* **RECORDS TO PROCESS**
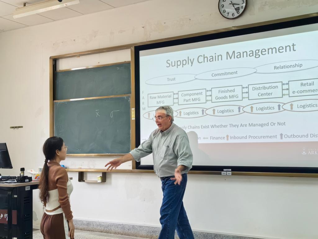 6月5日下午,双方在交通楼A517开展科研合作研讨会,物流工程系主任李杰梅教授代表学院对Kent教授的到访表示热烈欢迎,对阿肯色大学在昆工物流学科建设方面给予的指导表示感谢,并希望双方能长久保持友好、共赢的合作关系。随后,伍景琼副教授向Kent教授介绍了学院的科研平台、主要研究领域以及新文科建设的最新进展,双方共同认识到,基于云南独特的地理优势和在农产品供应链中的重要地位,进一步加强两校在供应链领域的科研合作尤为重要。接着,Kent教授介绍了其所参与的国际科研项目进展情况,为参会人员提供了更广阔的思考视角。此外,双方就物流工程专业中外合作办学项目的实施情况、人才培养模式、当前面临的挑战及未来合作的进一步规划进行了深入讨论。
---
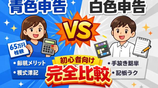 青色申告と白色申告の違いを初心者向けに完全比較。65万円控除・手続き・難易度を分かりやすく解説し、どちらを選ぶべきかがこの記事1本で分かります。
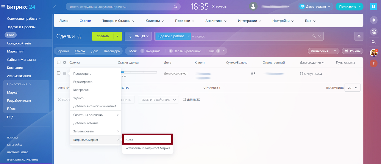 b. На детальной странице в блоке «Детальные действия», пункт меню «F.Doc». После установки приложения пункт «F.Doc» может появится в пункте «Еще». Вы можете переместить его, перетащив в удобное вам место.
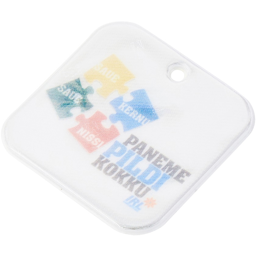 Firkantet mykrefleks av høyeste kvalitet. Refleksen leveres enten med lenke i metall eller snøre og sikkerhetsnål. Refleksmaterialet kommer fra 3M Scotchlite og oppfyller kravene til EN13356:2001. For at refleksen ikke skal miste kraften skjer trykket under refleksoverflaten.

* **EXERCISE INSTRUCTIONS**
Look above for the line holding "青色申告と白色申告の違いを初" and output everything from it down to the line holding "Firkantet mykrefleks av", both ends included, exactly and without images.

* **RESPONSE FOR THIS EXERCISE**
 青色申告と白色申告の違いを初心者向けに完全比較。65万円控除・手続き・難易度を分かりやすく解説し、どちらを選ぶべきかがこの記事1本で分かります。
 b. На детальной странице в блоке «Детальные действия», пункт меню «F.Doc». После установки приложения пункт «F.Doc» может появится в пункте «Еще». Вы можете переместить его, перетащив в удобное вам место.
 Firkantet mykrefleks av høyeste kvalitet. Refleksen leveres enten med lenke i metall eller snøre og sikkerhetsnål. Refleksmaterialet kommer fra 3M Scotchlite og oppfyller kravene til EN13356:2001. For at refleksen ikke skal miste kraften skjer trykket under refleksoverflaten.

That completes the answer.